Data for processing »
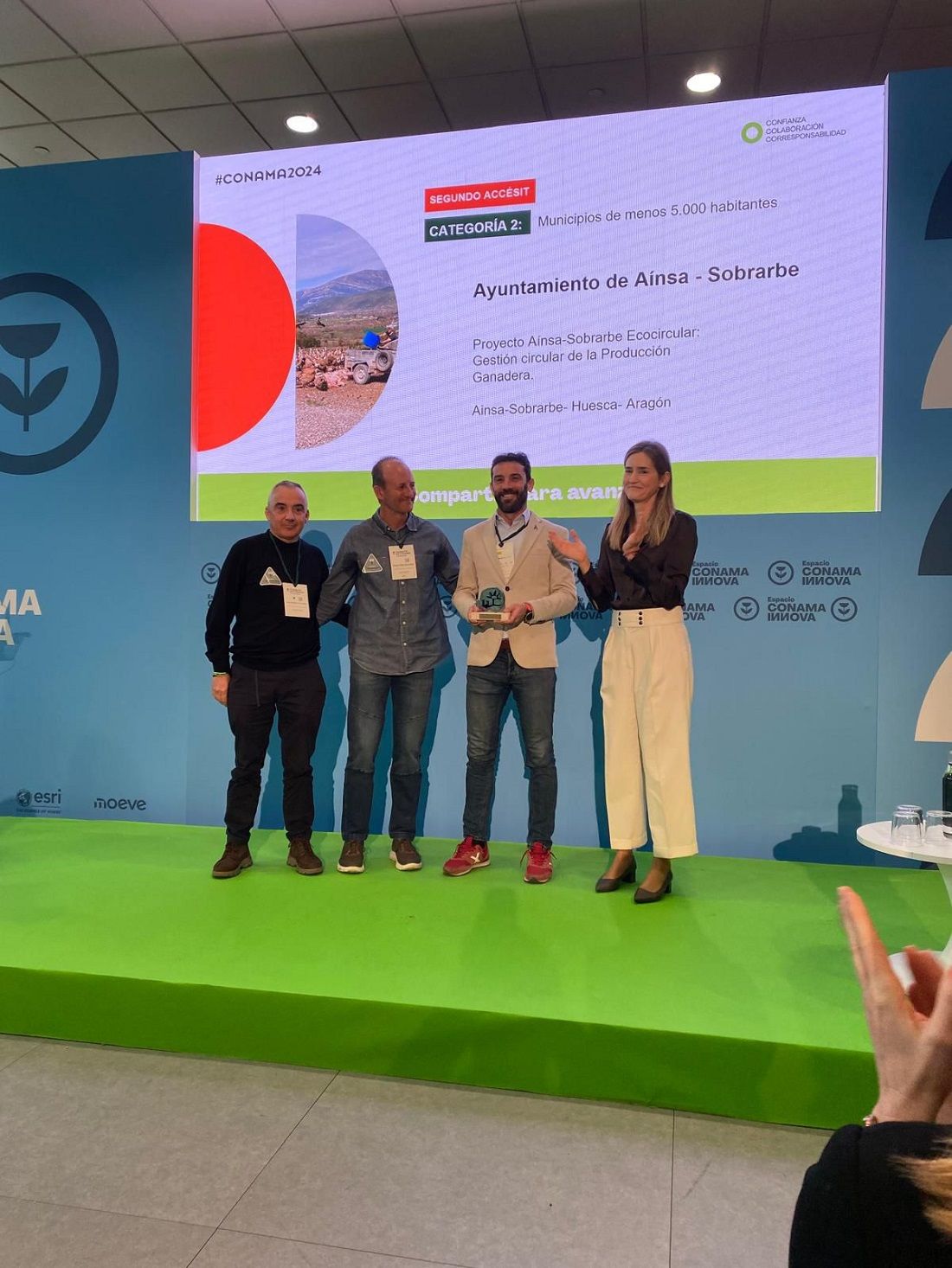 Aínsa ha sido premiada este lunes por el proyecto ‘Aínsa-Sobrarbe Ecocircular: Gestión Circular de la Producción Ganadera’, en el marco de la celebración del Congreso Nacional de Medio Ambiente, CONAMA 2024, que tiene lugar esta semana en Madrid.
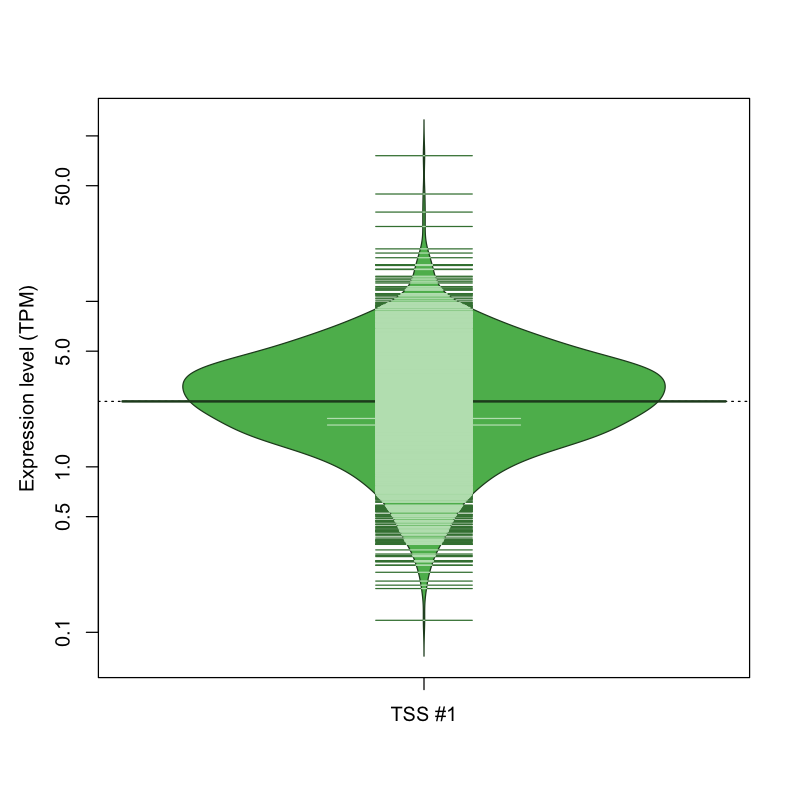 TSS expression levels were studied across 1829 TSS-CAGE libraries, based on FANTOM5 data.
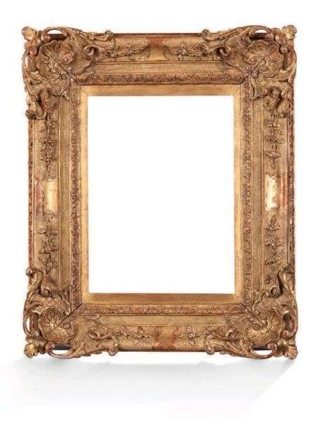 Petit cadre rectangulaire en bois sculpté et doré à riche décor de coquilles dans les angles, d'où s'échappe des rinceaux de feuillages ajourés.
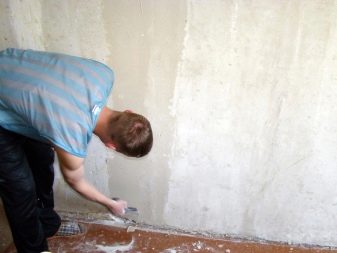 Der erste Schritt besteht darin, die Werkzeuge vorzubereiten, die für die weitere Arbeit benötigt werden. Danach können Sie die Oberfläche vorbereiten, die Sie gründlich reinigen und entfetten sowie von der vorherigen Beschichtung lösen, um das Auftreten von Delaminierung und Rissen zu vermeiden. Die Basis muss glatt sein, mit einer minimalen Anzahl von Unregelmäßigkeiten und Defekten. Metallbasen müssen mit Verbindungen mit Korrosionsschutzwirkung behandelt werden. Die Wand muss grundiert und dann getrocknet werden.
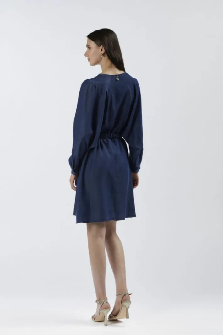 Abito tipo tunica con scollo a “v” e maniche lunghe. realizzato in tencel jeans.
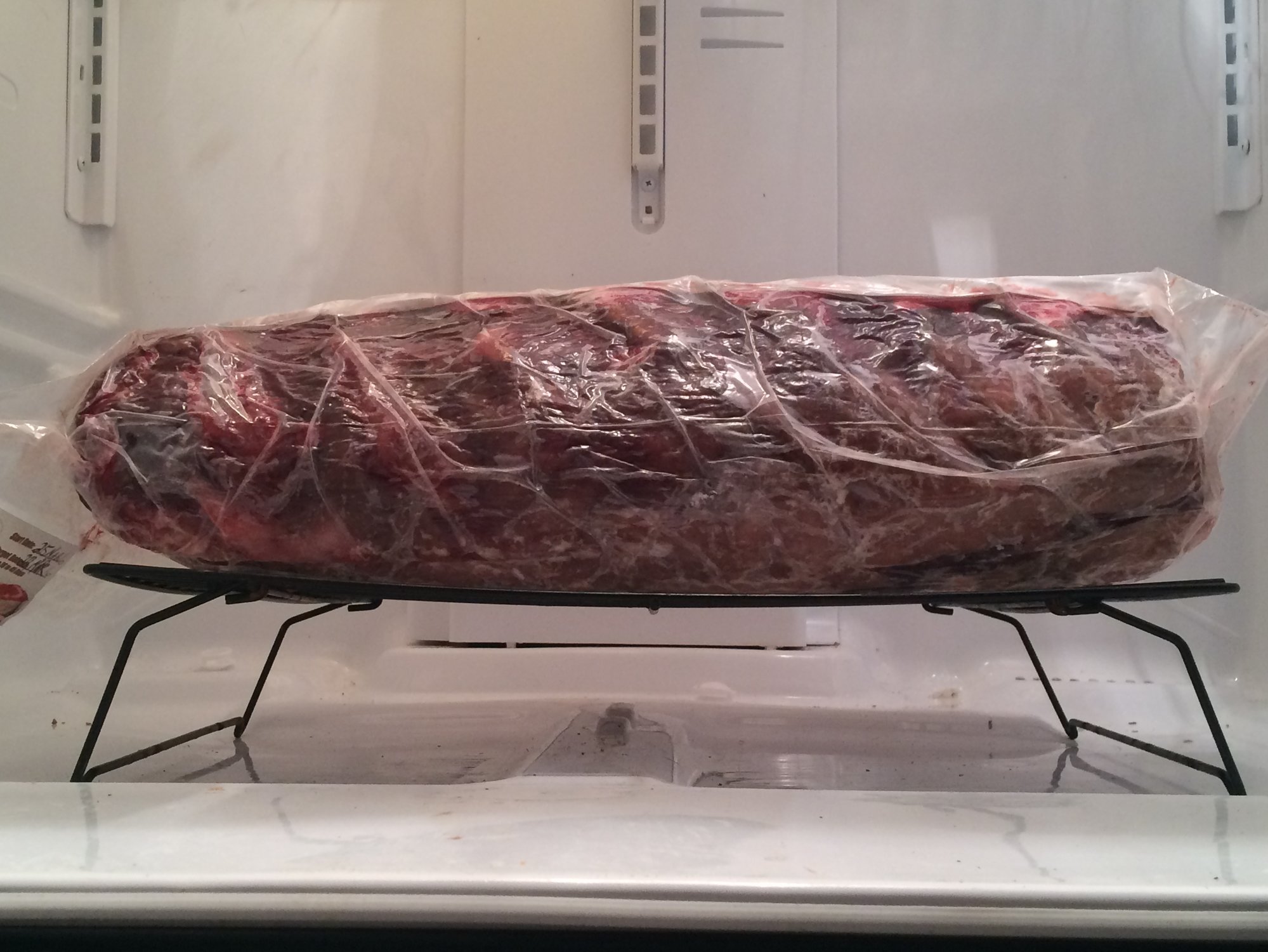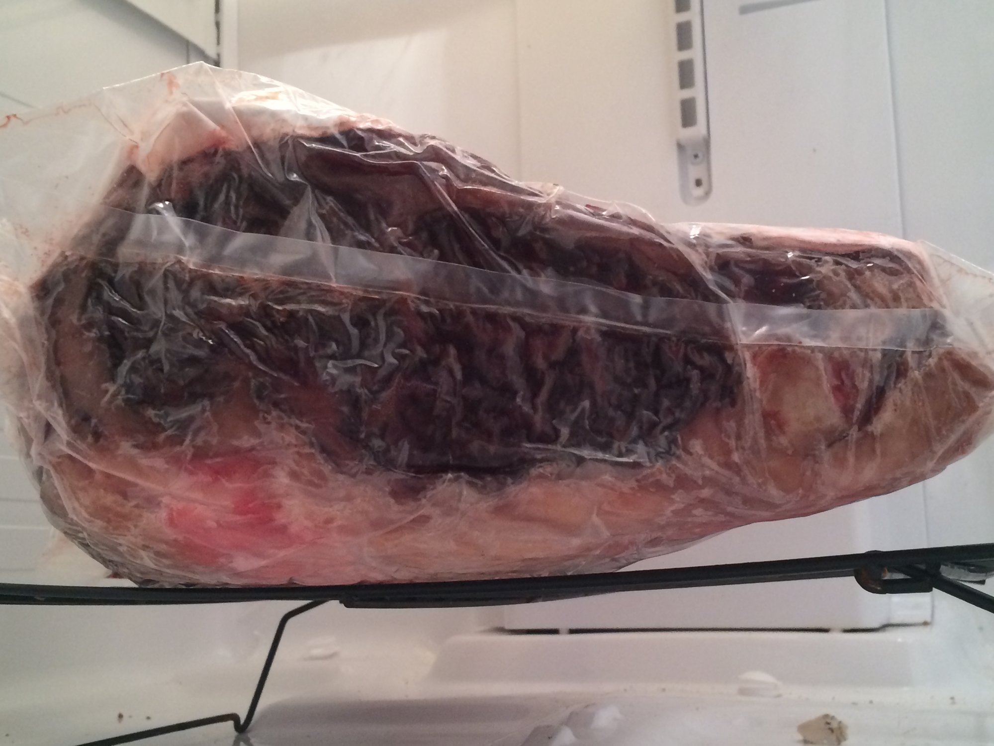 The rib roast went right into an UMAi bag and sits in the bottom of the fridge for the next four weeks. I'm only going 28 days because I'm a little nervous about the wife's pallet. She's a carnivor, but I'm positive she would murder me if after I spent all that money on the meat, she couldn't eat it. So for this run 28 days it is. Funny note, when I told her what I had spent, her only word were, "Well just don't fü€k it up." Lol #soulmate

Directions for this task » Your answer should consist of the lines above between those holding "TSS expression levels" and "Abito tipo tunica", inclusive, reproduced word for word and without pictures.

Response to the exercise »
 TSS expression levels were studied across 1829 TSS-CAGE libraries, based on FANTOM5 data.
 Petit cadre rectangulaire en bois sculpté et doré à riche décor de coquilles dans les angles, d'où s'échappe des rinceaux de feuillages ajourés.
 Der erste Schritt besteht darin, die Werkzeuge vorzubereiten, die für die weitere Arbeit benötigt werden. Danach können Sie die Oberfläche vorbereiten, die Sie gründlich reinigen und entfetten sowie von der vorherigen Beschichtung lösen, um das Auftreten von Delaminierung und Rissen zu vermeiden. Die Basis muss glatt sein, mit einer minimalen Anzahl von Unregelmäßigkeiten und Defekten. Metallbasen müssen mit Verbindungen mit Korrosionsschutzwirkung behandelt werden. Die Wand muss grundiert und dann getrocknet werden.
 Abito tipo tunica con scollo a “v” e maniche lunghe. realizzato in tencel jeans.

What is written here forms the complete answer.